(Items listed in a dataset)
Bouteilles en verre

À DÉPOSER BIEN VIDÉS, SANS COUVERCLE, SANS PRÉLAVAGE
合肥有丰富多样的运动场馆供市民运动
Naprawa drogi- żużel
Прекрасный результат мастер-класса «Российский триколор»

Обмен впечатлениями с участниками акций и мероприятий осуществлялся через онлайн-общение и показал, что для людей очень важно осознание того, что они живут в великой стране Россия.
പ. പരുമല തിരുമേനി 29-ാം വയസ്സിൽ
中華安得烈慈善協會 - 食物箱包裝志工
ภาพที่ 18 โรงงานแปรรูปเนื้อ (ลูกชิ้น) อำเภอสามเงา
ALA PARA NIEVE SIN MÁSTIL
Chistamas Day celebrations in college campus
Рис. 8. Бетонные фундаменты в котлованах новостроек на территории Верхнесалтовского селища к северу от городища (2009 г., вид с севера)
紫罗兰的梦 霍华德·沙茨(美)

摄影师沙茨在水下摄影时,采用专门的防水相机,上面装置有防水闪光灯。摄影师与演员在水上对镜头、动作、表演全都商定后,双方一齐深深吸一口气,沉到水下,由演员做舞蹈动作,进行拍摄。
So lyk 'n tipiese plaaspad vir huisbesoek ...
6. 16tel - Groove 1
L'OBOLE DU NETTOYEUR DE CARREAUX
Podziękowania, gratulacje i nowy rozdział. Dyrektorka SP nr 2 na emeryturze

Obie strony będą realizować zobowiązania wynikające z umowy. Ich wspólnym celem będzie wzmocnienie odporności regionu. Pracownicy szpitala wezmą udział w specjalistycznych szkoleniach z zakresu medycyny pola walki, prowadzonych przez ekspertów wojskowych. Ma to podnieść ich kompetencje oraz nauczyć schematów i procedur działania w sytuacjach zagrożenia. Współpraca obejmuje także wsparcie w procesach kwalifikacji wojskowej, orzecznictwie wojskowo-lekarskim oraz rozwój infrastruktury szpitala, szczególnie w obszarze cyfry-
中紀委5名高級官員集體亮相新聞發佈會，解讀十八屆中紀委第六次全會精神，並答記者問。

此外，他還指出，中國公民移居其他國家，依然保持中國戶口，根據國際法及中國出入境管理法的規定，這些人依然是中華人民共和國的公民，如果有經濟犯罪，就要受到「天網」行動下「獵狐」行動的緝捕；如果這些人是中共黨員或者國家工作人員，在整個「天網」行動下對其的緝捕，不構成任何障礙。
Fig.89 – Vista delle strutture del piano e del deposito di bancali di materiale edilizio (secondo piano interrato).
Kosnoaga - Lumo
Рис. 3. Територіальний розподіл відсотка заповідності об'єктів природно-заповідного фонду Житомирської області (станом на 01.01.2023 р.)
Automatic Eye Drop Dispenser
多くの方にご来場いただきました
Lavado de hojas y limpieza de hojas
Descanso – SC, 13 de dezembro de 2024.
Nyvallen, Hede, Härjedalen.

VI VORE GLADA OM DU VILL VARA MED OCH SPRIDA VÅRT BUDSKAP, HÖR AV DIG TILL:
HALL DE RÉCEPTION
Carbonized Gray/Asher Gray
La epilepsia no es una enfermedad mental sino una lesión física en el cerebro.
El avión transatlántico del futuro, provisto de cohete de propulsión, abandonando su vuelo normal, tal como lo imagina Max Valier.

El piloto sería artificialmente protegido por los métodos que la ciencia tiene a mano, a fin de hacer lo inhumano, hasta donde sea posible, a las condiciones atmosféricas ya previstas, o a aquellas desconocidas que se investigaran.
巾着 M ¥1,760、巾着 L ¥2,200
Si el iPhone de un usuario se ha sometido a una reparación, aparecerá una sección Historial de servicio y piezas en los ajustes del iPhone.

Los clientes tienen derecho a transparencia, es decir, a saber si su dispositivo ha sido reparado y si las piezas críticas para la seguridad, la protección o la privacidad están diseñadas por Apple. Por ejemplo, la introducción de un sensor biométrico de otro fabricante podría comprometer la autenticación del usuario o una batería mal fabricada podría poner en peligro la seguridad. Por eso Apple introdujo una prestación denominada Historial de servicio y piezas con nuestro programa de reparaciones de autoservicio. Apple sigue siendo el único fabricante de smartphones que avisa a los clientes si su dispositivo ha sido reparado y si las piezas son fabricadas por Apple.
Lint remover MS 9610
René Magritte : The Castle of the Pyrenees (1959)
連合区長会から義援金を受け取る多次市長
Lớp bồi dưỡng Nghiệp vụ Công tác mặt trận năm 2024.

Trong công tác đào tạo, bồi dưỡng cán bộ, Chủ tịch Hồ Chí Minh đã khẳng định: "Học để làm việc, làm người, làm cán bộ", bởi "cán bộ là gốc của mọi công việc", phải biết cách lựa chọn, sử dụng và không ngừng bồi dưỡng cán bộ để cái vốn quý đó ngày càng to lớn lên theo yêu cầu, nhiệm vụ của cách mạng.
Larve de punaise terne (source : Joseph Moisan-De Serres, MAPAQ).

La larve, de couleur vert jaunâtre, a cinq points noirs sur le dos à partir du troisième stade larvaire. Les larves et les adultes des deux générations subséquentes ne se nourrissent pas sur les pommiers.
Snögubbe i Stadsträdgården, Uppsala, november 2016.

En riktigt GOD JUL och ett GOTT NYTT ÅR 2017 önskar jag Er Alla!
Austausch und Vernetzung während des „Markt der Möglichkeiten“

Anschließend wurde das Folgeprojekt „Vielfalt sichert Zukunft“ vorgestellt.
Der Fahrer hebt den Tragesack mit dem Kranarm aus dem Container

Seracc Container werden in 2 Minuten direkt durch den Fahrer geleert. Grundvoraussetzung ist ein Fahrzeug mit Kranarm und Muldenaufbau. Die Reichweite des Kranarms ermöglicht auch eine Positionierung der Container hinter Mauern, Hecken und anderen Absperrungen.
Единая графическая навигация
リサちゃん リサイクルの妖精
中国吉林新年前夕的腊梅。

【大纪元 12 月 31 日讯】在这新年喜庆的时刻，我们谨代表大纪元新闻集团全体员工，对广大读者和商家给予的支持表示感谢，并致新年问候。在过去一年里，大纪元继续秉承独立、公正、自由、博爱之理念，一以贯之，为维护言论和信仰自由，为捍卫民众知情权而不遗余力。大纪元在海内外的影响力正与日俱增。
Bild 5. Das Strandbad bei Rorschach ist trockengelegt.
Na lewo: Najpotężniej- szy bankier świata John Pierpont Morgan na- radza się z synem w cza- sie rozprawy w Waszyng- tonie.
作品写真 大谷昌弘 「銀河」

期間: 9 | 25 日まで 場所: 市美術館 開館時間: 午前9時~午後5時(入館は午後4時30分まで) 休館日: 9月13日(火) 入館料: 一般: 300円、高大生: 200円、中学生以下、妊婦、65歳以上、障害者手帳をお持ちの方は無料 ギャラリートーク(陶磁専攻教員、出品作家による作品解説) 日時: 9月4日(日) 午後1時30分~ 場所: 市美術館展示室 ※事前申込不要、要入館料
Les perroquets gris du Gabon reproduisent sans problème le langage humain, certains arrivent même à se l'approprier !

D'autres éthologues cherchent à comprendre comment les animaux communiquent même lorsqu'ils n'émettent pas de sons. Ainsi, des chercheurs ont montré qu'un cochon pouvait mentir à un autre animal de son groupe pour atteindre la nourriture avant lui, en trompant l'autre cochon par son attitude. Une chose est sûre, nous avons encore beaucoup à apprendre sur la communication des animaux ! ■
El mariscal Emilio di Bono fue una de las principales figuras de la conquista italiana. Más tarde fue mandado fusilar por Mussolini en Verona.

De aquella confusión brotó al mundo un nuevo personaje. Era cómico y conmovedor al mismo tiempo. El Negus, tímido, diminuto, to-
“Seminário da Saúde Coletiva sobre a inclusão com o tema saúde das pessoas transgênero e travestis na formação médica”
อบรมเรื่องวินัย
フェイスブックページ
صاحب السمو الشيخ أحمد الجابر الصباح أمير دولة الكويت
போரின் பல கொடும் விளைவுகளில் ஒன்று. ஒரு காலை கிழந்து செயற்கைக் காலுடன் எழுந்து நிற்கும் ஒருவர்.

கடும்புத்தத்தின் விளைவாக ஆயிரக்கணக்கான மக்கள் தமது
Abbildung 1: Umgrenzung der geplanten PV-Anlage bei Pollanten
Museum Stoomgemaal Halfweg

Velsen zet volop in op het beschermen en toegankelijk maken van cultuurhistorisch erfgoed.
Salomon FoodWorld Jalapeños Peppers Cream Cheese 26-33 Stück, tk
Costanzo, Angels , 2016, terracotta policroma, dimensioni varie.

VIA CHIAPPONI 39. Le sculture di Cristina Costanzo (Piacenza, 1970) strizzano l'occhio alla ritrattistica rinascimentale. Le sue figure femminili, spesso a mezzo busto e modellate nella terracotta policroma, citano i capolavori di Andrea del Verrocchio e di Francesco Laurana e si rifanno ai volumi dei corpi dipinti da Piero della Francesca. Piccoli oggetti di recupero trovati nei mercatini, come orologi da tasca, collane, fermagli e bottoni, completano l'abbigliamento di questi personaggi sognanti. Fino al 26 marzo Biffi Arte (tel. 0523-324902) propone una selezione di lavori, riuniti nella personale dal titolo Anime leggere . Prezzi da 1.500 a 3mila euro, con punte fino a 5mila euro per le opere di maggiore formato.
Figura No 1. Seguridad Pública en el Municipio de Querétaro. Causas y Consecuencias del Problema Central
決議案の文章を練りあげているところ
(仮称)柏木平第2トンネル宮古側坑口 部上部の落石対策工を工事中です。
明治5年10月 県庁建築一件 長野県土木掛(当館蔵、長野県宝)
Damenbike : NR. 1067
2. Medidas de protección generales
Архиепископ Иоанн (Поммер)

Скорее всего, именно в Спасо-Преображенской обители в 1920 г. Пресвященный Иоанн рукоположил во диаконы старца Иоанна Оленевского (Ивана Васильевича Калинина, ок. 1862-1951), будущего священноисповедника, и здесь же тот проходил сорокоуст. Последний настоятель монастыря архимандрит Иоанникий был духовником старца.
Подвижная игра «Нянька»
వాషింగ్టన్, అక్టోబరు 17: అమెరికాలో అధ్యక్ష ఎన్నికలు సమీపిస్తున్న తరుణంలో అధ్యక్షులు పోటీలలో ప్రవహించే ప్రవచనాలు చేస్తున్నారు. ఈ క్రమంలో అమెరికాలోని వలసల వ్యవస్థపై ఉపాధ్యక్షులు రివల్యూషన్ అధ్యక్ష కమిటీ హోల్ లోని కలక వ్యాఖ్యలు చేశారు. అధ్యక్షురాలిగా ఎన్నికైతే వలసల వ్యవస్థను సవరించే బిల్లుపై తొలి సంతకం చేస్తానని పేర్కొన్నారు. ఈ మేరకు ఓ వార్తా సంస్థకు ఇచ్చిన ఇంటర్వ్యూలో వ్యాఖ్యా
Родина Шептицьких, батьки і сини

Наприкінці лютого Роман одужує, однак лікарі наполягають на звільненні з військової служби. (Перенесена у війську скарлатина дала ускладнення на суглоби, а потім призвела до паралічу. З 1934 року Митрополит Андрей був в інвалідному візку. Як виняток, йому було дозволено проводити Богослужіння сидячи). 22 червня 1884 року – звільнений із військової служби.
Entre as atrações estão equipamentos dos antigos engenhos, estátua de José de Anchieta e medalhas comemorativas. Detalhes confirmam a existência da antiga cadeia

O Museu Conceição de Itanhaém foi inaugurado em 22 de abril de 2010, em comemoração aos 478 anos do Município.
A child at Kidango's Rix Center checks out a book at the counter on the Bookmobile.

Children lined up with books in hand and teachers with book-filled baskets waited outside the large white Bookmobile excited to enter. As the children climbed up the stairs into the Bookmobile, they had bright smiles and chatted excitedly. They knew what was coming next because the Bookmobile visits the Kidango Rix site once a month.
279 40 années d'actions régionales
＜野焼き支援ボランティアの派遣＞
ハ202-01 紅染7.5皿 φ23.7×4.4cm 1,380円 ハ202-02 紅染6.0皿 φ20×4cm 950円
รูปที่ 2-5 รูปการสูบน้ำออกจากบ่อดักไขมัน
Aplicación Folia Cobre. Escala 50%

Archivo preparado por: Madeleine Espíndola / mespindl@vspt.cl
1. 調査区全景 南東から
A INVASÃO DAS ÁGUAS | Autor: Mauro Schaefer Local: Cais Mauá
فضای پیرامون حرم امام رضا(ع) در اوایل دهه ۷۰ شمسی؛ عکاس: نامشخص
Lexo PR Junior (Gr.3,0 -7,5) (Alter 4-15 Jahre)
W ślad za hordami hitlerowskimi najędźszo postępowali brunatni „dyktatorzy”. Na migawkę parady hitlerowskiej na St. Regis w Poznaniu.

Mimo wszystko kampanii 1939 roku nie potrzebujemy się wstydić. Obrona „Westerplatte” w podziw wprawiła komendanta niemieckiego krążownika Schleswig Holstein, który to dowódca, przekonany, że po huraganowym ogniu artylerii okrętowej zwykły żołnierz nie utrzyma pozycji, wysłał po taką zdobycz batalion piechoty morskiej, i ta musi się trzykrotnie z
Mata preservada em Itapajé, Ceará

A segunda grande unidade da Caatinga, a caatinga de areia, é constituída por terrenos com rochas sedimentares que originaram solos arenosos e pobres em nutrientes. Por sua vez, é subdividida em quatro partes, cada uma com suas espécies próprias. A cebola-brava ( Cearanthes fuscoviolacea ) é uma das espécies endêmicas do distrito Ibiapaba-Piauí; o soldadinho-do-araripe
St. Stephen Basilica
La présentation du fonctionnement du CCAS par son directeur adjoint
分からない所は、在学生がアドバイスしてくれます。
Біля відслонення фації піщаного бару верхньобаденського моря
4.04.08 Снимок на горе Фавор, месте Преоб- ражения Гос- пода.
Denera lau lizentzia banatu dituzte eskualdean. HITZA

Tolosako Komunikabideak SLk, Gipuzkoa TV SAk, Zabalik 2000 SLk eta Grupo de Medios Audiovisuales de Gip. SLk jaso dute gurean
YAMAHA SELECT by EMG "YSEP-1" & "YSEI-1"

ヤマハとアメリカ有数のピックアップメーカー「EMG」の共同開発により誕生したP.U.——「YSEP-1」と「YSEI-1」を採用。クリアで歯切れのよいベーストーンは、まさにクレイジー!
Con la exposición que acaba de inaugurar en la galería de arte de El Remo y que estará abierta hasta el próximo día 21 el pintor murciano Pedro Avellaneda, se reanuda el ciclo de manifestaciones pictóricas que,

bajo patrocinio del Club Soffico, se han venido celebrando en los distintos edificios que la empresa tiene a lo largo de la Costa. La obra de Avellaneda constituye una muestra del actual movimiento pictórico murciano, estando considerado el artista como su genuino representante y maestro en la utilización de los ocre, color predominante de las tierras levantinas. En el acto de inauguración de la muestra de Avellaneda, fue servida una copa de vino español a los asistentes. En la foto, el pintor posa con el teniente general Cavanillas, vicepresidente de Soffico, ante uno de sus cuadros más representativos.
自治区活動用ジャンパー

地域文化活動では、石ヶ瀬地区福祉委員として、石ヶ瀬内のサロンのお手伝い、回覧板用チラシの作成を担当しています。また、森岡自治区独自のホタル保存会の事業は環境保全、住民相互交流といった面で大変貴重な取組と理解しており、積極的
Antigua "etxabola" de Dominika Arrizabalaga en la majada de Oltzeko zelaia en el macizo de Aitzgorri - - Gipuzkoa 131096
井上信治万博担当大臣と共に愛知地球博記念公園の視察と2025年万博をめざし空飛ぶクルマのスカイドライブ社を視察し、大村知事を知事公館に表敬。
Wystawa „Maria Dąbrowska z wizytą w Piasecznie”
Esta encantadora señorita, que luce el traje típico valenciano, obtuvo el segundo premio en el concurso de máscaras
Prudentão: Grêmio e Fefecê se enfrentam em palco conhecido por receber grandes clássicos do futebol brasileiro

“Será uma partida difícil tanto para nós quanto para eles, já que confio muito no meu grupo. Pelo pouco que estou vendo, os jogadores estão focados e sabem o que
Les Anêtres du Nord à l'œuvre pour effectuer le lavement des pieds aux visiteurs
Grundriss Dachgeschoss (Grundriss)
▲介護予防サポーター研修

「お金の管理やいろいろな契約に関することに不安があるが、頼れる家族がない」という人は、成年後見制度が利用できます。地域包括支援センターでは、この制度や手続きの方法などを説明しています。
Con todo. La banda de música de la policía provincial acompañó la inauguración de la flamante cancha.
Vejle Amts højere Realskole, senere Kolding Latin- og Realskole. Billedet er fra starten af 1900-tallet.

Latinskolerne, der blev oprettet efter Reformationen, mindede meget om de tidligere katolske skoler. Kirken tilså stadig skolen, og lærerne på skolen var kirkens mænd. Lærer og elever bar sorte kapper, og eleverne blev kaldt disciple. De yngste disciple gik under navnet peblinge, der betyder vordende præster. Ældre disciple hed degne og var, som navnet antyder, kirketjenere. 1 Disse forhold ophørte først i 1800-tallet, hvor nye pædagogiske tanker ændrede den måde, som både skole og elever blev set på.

• _AIM OF THE TASK_:
Using the entries shown above, reproduce verbatim the lines from the line bearing "Children lined up" to the line bearing "W ślad za hordami", inclusive.

• _TASK ANSWER_:
Children lined up with books in hand and teachers with book-filled baskets waited outside the large white Bookmobile excited to enter. As the children climbed up the stairs into the Bookmobile, they had bright smiles and chatted excitedly. They knew what was coming next because the Bookmobile visits the Kidango Rix site once a month.
279 40 années d'actions régionales
＜野焼き支援ボランティアの派遣＞
ハ202-01 紅染7.5皿 φ23.7×4.4cm 1,380円 ハ202-02 紅染6.0皿 φ20×4cm 950円
รูปที่ 2-5 รูปการสูบน้ำออกจากบ่อดักไขมัน
Aplicación Folia Cobre. Escala 50%

Archivo preparado por: Madeleine Espíndola / mespindl@vspt.cl
1. 調査区全景 南東から
A INVASÃO DAS ÁGUAS | Autor: Mauro Schaefer Local: Cais Mauá
فضای پیرامون حرم امام رضا(ع) در اوایل دهه ۷۰ شمسی؛ عکاس: نامشخص
Lexo PR Junior (Gr.3,0 -7,5) (Alter 4-15 Jahre)
W ślad za hordami hitlerowskimi najędźszo postępowali brunatni „dyktatorzy”. Na migawkę parady hitlerowskiej na St. Regis w Poznaniu.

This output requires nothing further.